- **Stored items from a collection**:
________

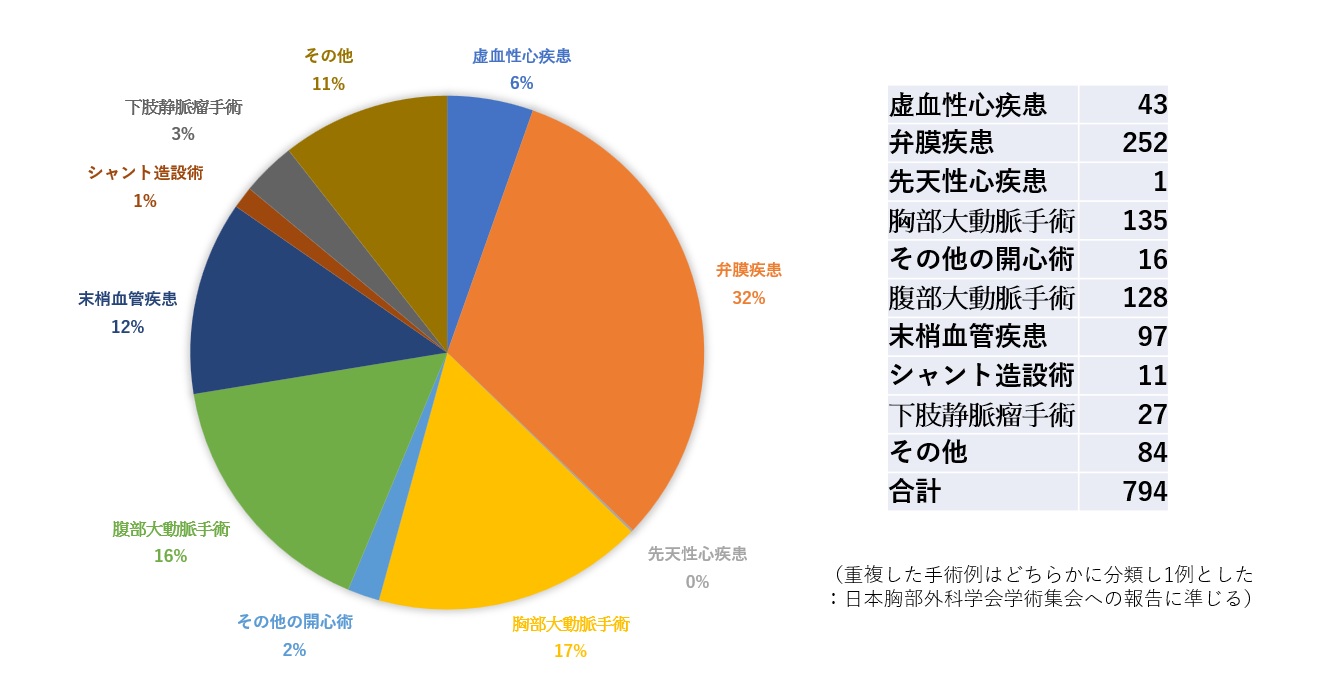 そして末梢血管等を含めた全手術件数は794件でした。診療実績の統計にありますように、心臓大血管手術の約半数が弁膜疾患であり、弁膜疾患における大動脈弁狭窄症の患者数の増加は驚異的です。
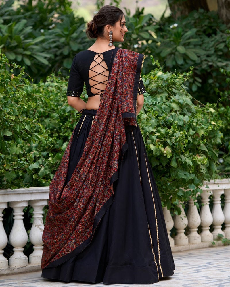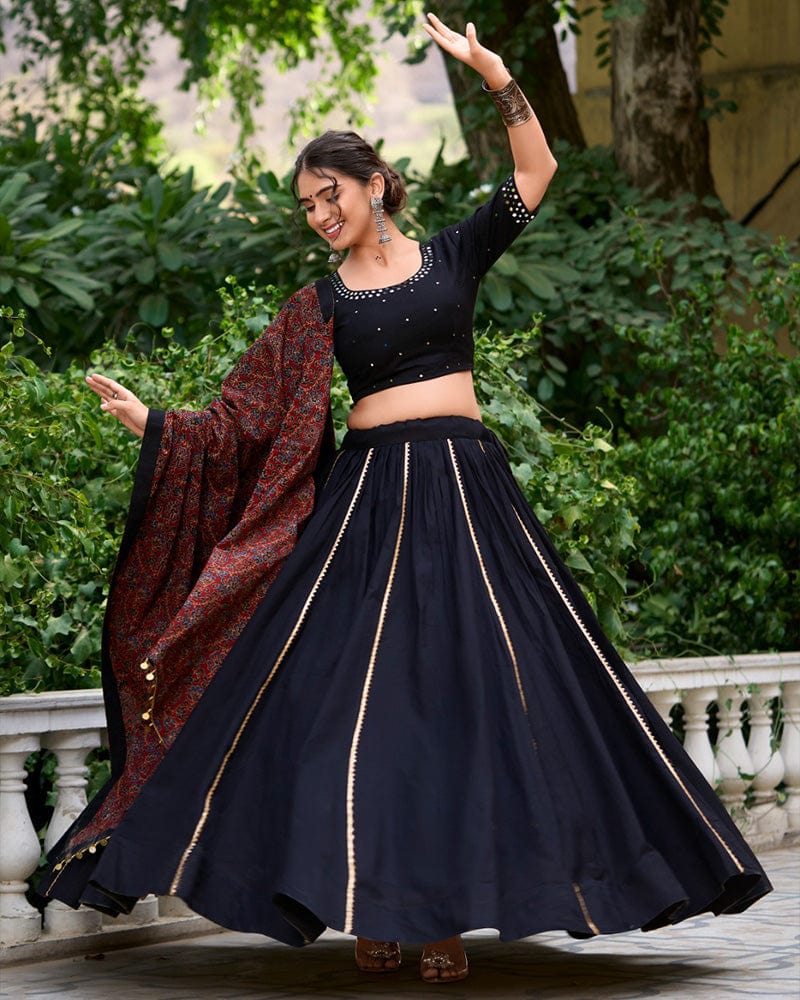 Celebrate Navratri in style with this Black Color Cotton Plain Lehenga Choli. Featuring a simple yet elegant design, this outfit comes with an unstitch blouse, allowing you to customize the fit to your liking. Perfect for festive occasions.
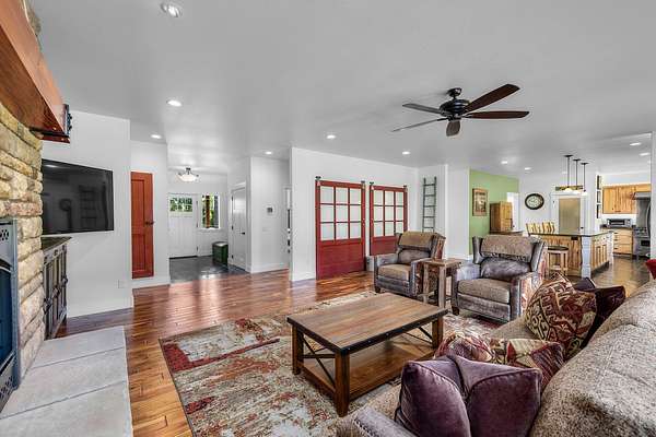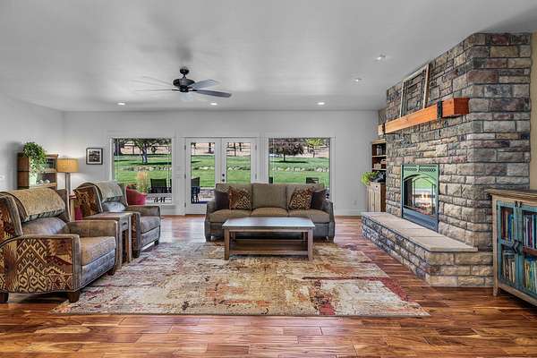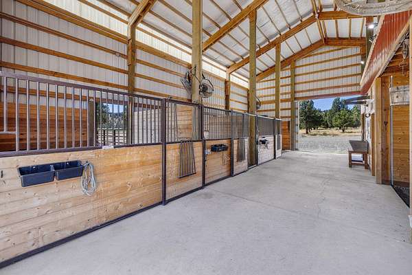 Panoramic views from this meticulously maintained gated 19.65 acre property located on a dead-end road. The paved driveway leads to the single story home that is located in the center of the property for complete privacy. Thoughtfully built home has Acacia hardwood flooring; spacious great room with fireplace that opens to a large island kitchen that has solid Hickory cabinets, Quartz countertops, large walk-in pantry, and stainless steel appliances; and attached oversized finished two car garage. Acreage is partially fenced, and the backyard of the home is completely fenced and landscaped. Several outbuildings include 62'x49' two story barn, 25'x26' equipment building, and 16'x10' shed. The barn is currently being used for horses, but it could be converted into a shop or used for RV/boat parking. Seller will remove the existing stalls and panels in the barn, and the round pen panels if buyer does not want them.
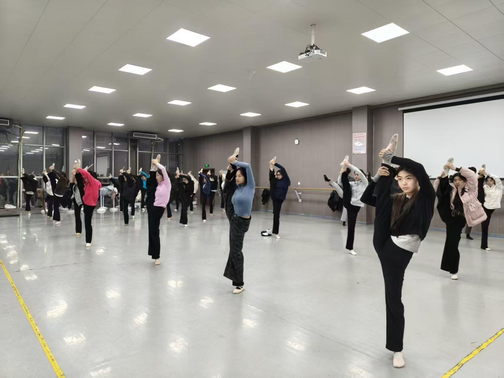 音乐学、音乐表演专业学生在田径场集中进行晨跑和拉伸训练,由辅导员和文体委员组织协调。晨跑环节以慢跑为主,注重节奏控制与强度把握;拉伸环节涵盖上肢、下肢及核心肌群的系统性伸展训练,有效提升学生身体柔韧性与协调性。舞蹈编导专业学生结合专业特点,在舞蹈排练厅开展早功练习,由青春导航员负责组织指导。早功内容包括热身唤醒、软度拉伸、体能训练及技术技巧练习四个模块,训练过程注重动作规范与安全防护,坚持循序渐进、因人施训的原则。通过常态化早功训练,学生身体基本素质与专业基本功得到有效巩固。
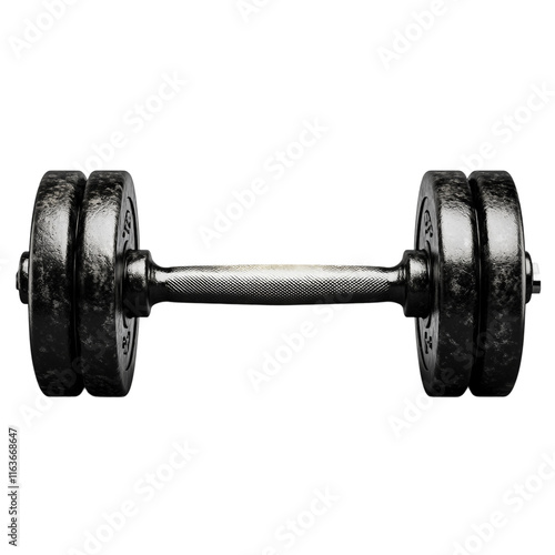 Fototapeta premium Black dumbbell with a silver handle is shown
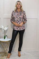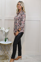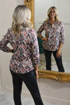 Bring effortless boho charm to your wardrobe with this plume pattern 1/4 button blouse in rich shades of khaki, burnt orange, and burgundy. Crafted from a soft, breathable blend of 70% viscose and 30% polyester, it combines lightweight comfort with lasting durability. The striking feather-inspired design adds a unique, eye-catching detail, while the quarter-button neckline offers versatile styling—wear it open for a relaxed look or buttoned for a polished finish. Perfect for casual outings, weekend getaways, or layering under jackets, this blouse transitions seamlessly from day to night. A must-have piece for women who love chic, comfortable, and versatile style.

________

- **ACTION ITEM**:
Please print the entries exactly as they stand. Images are not part of the copy.

- **TASK ANSWER**:
 そして末梢血管等を含めた全手術件数は794件でした。診療実績の統計にありますように、心臓大血管手術の約半数が弁膜疾患であり、弁膜疾患における大動脈弁狭窄症の患者数の増加は驚異的です。
 Celebrate Navratri in style with this Black Color Cotton Plain Lehenga Choli. Featuring a simple yet elegant design, this outfit comes with an unstitch blouse, allowing you to customize the fit to your liking. Perfect for festive occasions.
 Panoramic views from this meticulously maintained gated 19.65 acre property located on a dead-end road. The paved driveway leads to the single story home that is located in the center of the property for complete privacy. Thoughtfully built home has Acacia hardwood flooring; spacious great room with fireplace that opens to a large island kitchen that has solid Hickory cabinets, Quartz countertops, large walk-in pantry, and stainless steel appliances; and attached oversized finished two car garage. Acreage is partially fenced, and the backyard of the home is completely fenced and landscaped. Several outbuildings include 62'x49' two story barn, 25'x26' equipment building, and 16'x10' shed. The barn is currently being used for horses, but it could be converted into a shop or used for RV/boat parking. Seller will remove the existing stalls and panels in the barn, and the round pen panels if buyer does not want them.
 音乐学、音乐表演专业学生在田径场集中进行晨跑和拉伸训练,由辅导员和文体委员组织协调。晨跑环节以慢跑为主,注重节奏控制与强度把握;拉伸环节涵盖上肢、下肢及核心肌群的系统性伸展训练,有效提升学生身体柔韧性与协调性。舞蹈编导专业学生结合专业特点,在舞蹈排练厅开展早功练习,由青春导航员负责组织指导。早功内容包括热身唤醒、软度拉伸、体能训练及技术技巧练习四个模块,训练过程注重动作规范与安全防护,坚持循序渐进、因人施训的原则。通过常态化早功训练,学生身体基本素质与专业基本功得到有效巩固。
 Fototapeta premium Black dumbbell with a silver handle is shown
 Bring effortless boho charm to your wardrobe with this plume pattern 1/4 button blouse in rich shades of khaki, burnt orange, and burgundy. Crafted from a soft, breathable blend of 70% viscose and 30% polyester, it combines lightweight comfort with lasting durability. The striking feather-inspired design adds a unique, eye-catching detail, while the quarter-button neckline offers versatile styling—wear it open for a relaxed look or buttoned for a polished finish. Perfect for casual outings, weekend getaways, or layering under jackets, this blouse transitions seamlessly from day to night. A must-have piece for women who love chic, comfortable, and versatile style.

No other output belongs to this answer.